Some weeks, as I have said, are simply struck out of my existence. When gradually the cold, grey light of returning life stole in upon me, I almost hoped it might be fallacious. I hated to come back to the frightful routine of existence. I was so very weak that even after the fever left me I might easily have died at any moment.
I was promoted at length to the easy-chair, in which, in dressing-gown and slippers, people recover from dangerous illness. There, in the listlessness of exhaustion, I used to sit for hours, without reading, without speaking, without even thinking. Gradually, by little, my spirit revived, and, as life returned, the black cares and fears essential to existence glided in, and gathered round with awful faces.

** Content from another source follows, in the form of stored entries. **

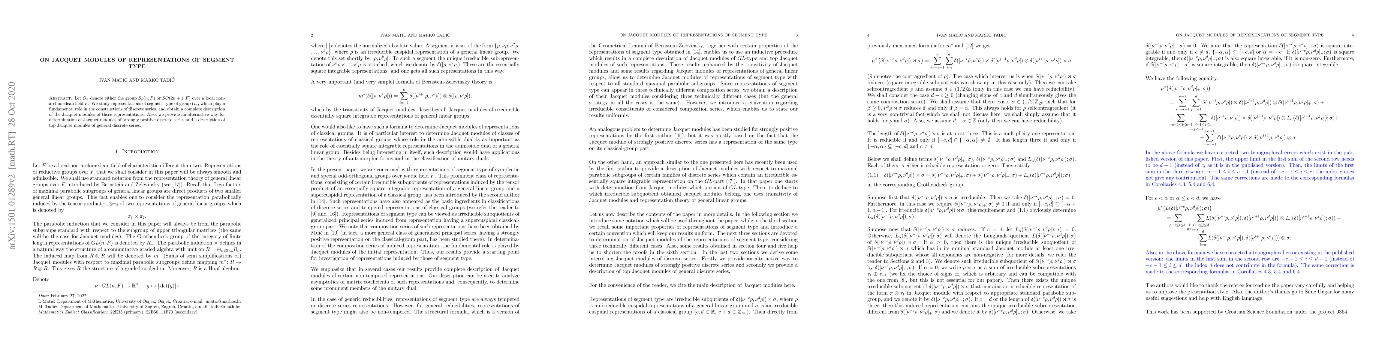 We study representations of segment type of groups Sp(n) and SO(2n+1, F) over a local non-archimedean field, which play a fundamental role in the constructions of discrete series, and obtain a complete description of the Jacquet modules of these representations. Also, we provide an alternative way for determination of Jacquet modules of strongly positive discrete series and a description of top Jacquet modules of general discrete series. In this version are corrected few typographical errors which exist in the published version of this paper (see page 5 of the paper for more details).
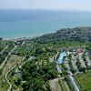 Vista aerea di un campeggio vicino alla costa, circondato da verde e colline.
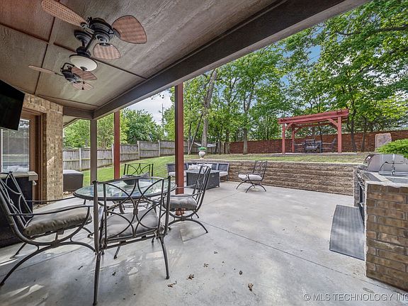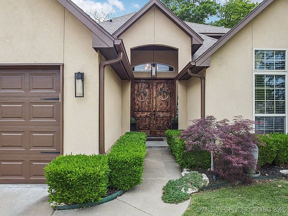Welcome to Stonebrooke in Jenks NW Schools, conveniently located behind Tulsa Hills. This stunning home features 10 ft doors that lead into a Grand Entry, with a designated office/bedroom and full bath to the right, along with a parlor/sitting room and formal dining room. The open kitchen boasts an oversized island, while the living area showcases a wall of windows overlooking the spacious backyard with an extended patio, complete with a brick retaining wall and steps. Enjoy the new outdoor kitchen (2024) featuring a grill, sink, cooler, trash storage, and a pergola - perfect for entertaining. Additional highlights include a dog run and automatic exterior lights. The upstairs gameroom comes with a pool table (stays) and a full theatre (equipment stays), leading out to a full deck for grilling or relaxing. This home offers 5 bedrooms, Master and Bedroom/Office on the main level and 3 additional Bedrooms upstairs (one currently used as a gym, which equipment does not stay). The luxurious master suite features a gas fireplace, wet bar with refrigerator, sink, and microwave, plus a spa-like bathroom with a tiled walk-in shower. This is the life.

One day old Rebecca, who, no doubt, had long been anxious, asked:
"How did you come by that knife, Miss Ethel, that you fetched home in your hand the night you took ill?"
"A knife? Did I?" I spoke, quietly suppressing my horror. "What was it like?"
I was almost unconscious until then that I had really taken away the dagger in my hand. This speech of Rebecca's nearly killed me. They were the first words I had heard connecting me distinctly with that ghastly scene.
She described it, and repeated her question.
"Where is it?" I asked.
"Mr. Carmel took it away with him," she replied, "the same night."
"Mr. Carmel?" I repeated, remembering with a new terror his connexion with Monsieur Droqville. "You had no business to allow him to see it, much less—good Heaven!—to take it."